In passive or new build you would end up with too much heat.

Hi Clive.

I'm afraid that is not the case, and have real-world experience of fitting wet heating systems in 'passive' standard dwellings ( so speak from experience ). The heat output from UFH in a decent sized slab is very mild-mannered and very easy to control if set up correctly. You would, for eg, have less overall comfort from a heater that switches on / off vs one that stays at a chosen set temp, plus not having the slab means you cannot load-shift off low rate electricity as you have no thermal storage from such an emitter as the panels you mention. You are a slave to whatever rate of electricity is available at any particular time when you heat via such mediums. 

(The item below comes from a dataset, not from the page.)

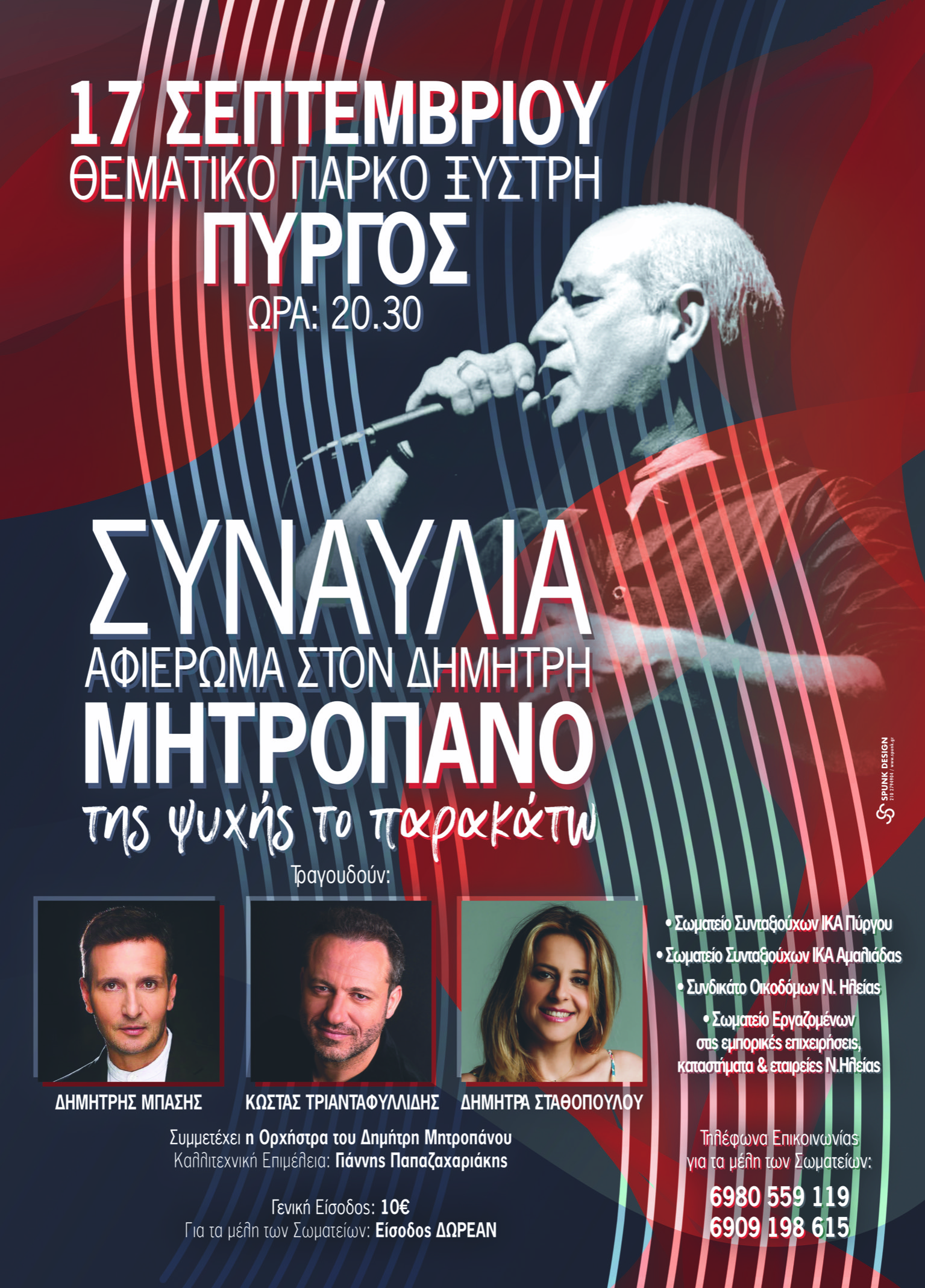 Ένα αφιέρωμα στον μεγάλο λαϊκό τραγουδιστή Δημήτρη Μητροπάνο με αφορμή την συμπλήρωση 12 ετών από τον θάνατό του, διοργανώνουν τα Σωματεία Οικοδόμων, Ιδιωτικών Υπαλλήλων και Συνταξιούχων ΙΚΑ Πύργου και Αμαλιάδας την Τρίτη 17 Σεπτεμβρίου στις 9 το βράδυ στο Πάρκο Ξυστρή στον Πύργο. Δημήτρης Μπάσης, Κώστας Τριανταφυλλίδης και Δήμητρα Σταθοπούλου θα ερμηνεύσουν τις μεγάλες επιτυχίες του αξεπέραστου ερμηνευτή, σε μια μαγική βραδιά όπου η είσοδος για τα μέλη των σωματείων θα είναι ελεύθερη και για τους υπόλοιπους πολίτες δέκα ευρώ. Τα σωματεία που διοργανώνουν την συναυλία παραχώρησαν συνέντευξη τύπου όπου έκαναν γνωστές τις λεπτομέρειες της εκδήλωσης και κάλεσαν τους πολίτες να παραβρεθούν για να τιμήσουν τον Δημήτρη Μητροπάνο και να περάσουν μια αξέχαστη βραδιά»

Any inefficiencies from the wet system are soon absorbed by the many benefits of it, load-shifting for one, but also a house with a cool / cold floor is not very pleasant in a residential dwelling IMHO, but the panels would have some appeal in other retro-fit situations I'm sure ( where the higher running costs are outweighed by convenience ).

 

In short, you would also end up with "too much heat", locally to the panels, when trying to heat a whole room with them, so 6 and two 3's I'm afraid.

 

7 hours ago, MikeSharp01 said:

Yep - I saw that but was not brave enough to mention it, but I now have my tin hat by my side - just in case.

 

We will always have 'thermal mass'..........

Hmmmm, is that Jeremy's drone I can see from my window. "INCOMING!!!!!!!"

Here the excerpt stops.